Every inaccurate statement is not a falsification. A falsification must be material and deliberate, and it is deliberate if it is done knowingly and willfully. He did not list the two incidents because he was told by human resources to only indicate charges on his police record; advice also given to him by an attorney.

The SF 86 requires an applicant to list any time he was arrested, charged, or convicted of any offense, during the previous seven years. Applicant relied upon bad advice in completing his SF 86. MC 4 (4) does not apply because the record fails to establish the improper or inadequate advice was given by "authorized personnel." The attorney was not authorized personnel and the record fails to establish who at human resources gave the advice. Even if the advice he did receive was correct, Applicant should have listed the April 1996 incident that appears on his police record.

According to his own statement, he should have listed those arrests that appeared on his police record. The 1996 arrest does appear on his police record and is not listed on his SF 86. Before completing his SF 86 he had an attorney obtain a copy of his police record. It is unknown if the information on that report was the same as on the report in the record (Item 7). The police report lists the 1996 receiving stolen property offence as an "arrest." Applicant denies he was arrested and asserts he only received a citation for this incident and paid a fine.

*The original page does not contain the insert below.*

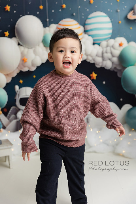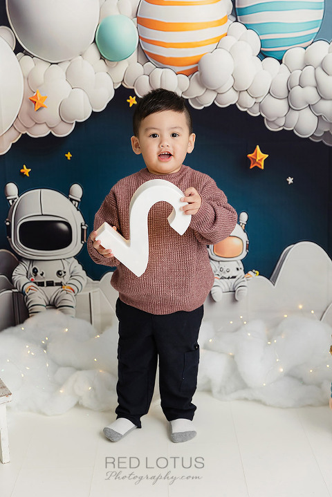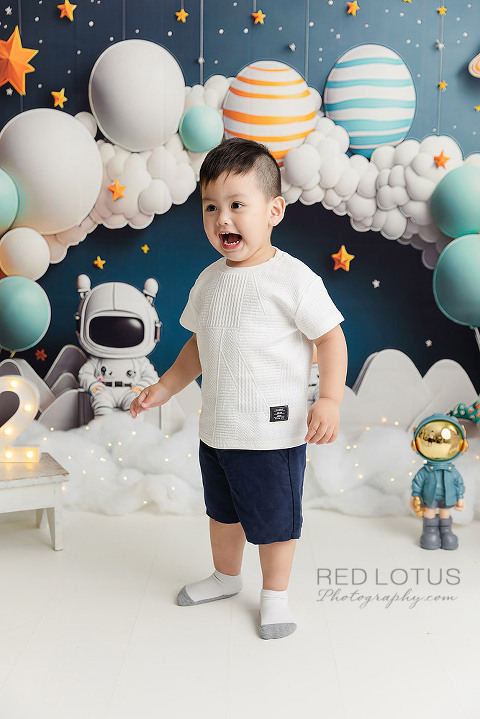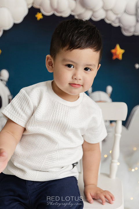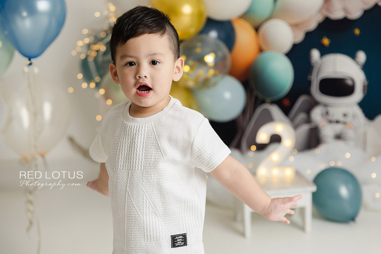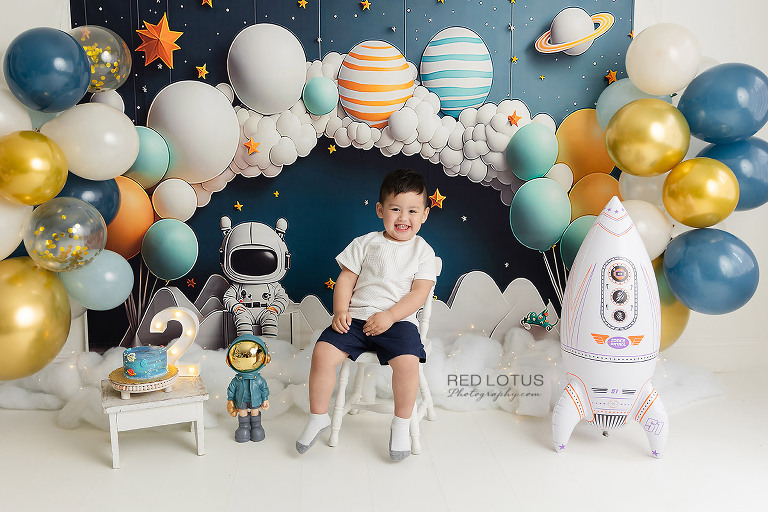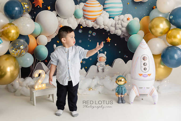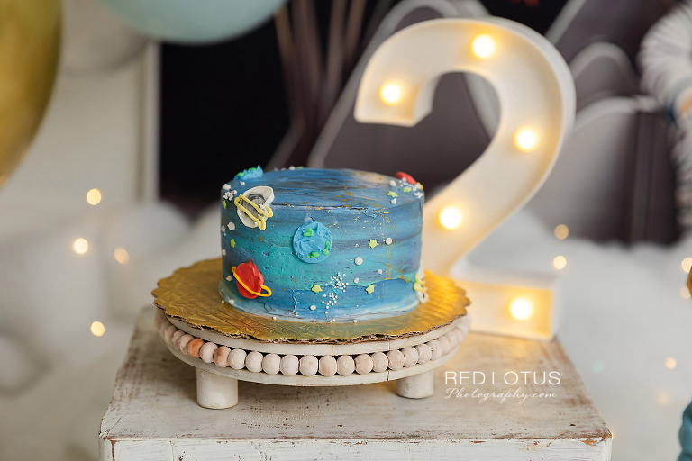 Happy Birthday, Little Man!  Your second trip around the sun was out of this world!  Let’s celebrate your second birthday with a space-themed cake smash session, complete with outer space backdrop, rocket, space-themed cake with little icing planets (so cute!), and a fun astronaut buddy to help you explore the universe.

Applicant listed his most serious arrest on his SF 86 and failed to list two incidents akin to shoplifting. MC 2 (5) applies because the falsification was to a single question on his SF 86, the falsification is not recent, and he has subsequently provided correct information voluntarily. I find for Applicant as to SOR paragraph 2.a.

In reaching my conclusions I have also considered: the nature, extent, and seriousness of the conduct; the Applicant's age and maturity at the time of the conduct; the circumstances surrounding the conduct; the Applicant's voluntary and knowledgeable participation; the motivation for the conduct; the frequency and recency of the conduct; presence or absence of rehabilitation; potential for pressure, coercion, exploitation, or duress; and the probability that the circumstance or conduct will continue or recur in the future.

FORMAL FINDINGS

Formal Findings as required by Section 3. , Paragraph 7., of Enclosure 1 of the Directive are hereby rendered as follows:

Paragraph 1 Criminal Conduct, Guideline J: FOR THE APPLICANT

Subparagraph 1.a.: For the Applicant

Subparagraph 1.b.: For the Applicant

Subparagraph 1.c.: For the Applicant

Subparagraph 1.d.: For the Applicant

Subparagraph 1.e.: For the Applicant

Subparagraph 1.f.: For the Applicant

Paragraph 2 Personal Conduct, Guideline E: FOR THE APPLICANT

Subparagraph 2.a.: For the Applicant

DECISION

In light of all the circumstances presented by the record in this case, it is clearly consistent with the national interest to grant or continue a security clearance for the Applicant. Clearance is granted.

Claude R. Heiny

Administrative Judge

1. Required by Executive Order 10865, as amended, and Department of Defense Directive 5220.6 (Directive), dated January 2, 1992, as amended.

2. DC b. A single serious crime or multiple lesser offenses.

3. MC a. The criminal behavior was not recent.

4. MC 4. Omission of material facts was caused or significantly contributed to by improper or inadequate advice of authorized personnel, and the previously omitted information was promptly and fully provided.

5. MC2. The falsification was an isolated incident, was not recent, and the individual has subsequently provided correct information voluntarily.